Once you’ve figured out all of the things you need and want on your bike tour, you have to figure out how to carry everything. The easiest way is in a backpack, and it is also likely one of the least expensive ways to get started. However, if you’ve ever been backpacking or hiking with a backpack, you know that it can get uncomfortable, especially if you’re carrying a lot of gear, water, and food.
I generally find it more comfortable to move everything off my back and onto the bike, if possible. When you’re ready to make that investment, a rear rack and waterproof panniers will likely cover most of your baggage needs. After that, there are many options of bags and attachment methods and points to consider that can all be fun to research.
Planning an overnight bike tour to visit family in a neighboring city is much different than a multi-day trip through rural stretches of the Sonoran Desert. Not only will there be impacts on all the other planning categories, but there will also be considerations about which roads or paths to take as well as your ability to call someone you know for help.
I have planned many trips using one of the big mapping applications on my cell phone. The bicycle option has generally worked for me, but it does often seem to think that I want to ride on very busy roads that lack good bicycle infrastructure. Alternatively, there are many routes online that have been thoroughly scouted by other bike tourers.

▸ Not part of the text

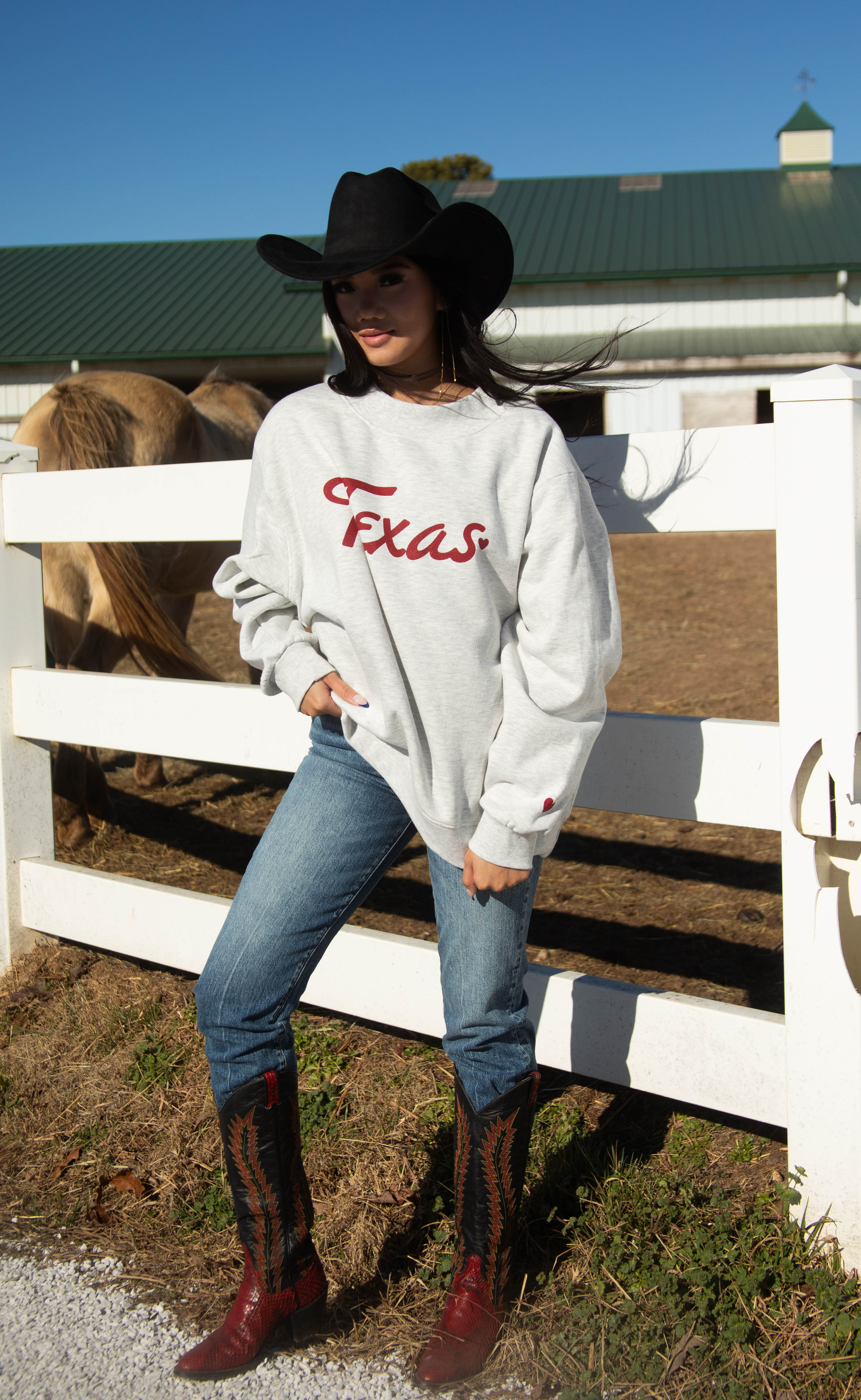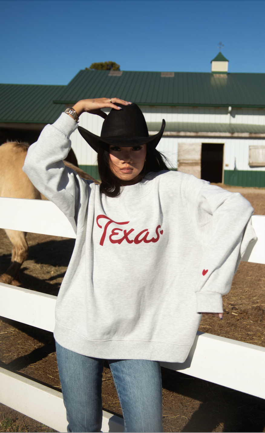 This ash grey mock neck sweatshirt blends classic comfort with a subtle western romance. Featuring “Texas” in soft script across the chest and a tiny heart detail on the sleeve, it’s an easy, elevated take on a go-to favorite. Cozy, timeless, and perfect for everyday wear or gifting.
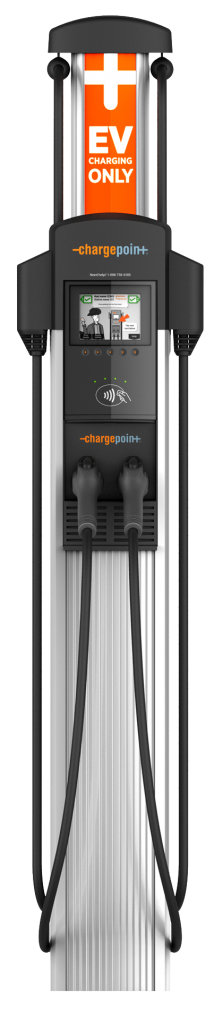 ChargePoint’s CT4000 will efficiently EVs with industry-standard SAE J1772™ Level 2 charging ports. The locking holsters provide security and reassurance that charging cables will not be pulled or removed from the charging station unnecessarily, thereby minimizing the risk of damage. Likewise, the EV owner does not need to worry that the charging cable will be disengaged during the charging session.

Some of my favorites include Adventure Cycling’s epic routes across the country, which I have found to be incredibly well thought out, researched, and kept up-to-date. If you’re in the US, it is likely that one of those routes passes near your home, and you could plan a trip along a one or two day segment of the route. Adventure Cycling also has a growing list of Short Routes designed specifically for weekend trips.
Putting it all Together
I hope that after reading this, you are inspired to plan your first bike tour around the gear you have access to and your comfort level. The most important thing is to get started with a tour you know you can do and gradually plan more complex or self-supported tours from there. After a few trips, I bet you’ll be feeling more comfortable with pedaling from home to the edges of the earth and around the world.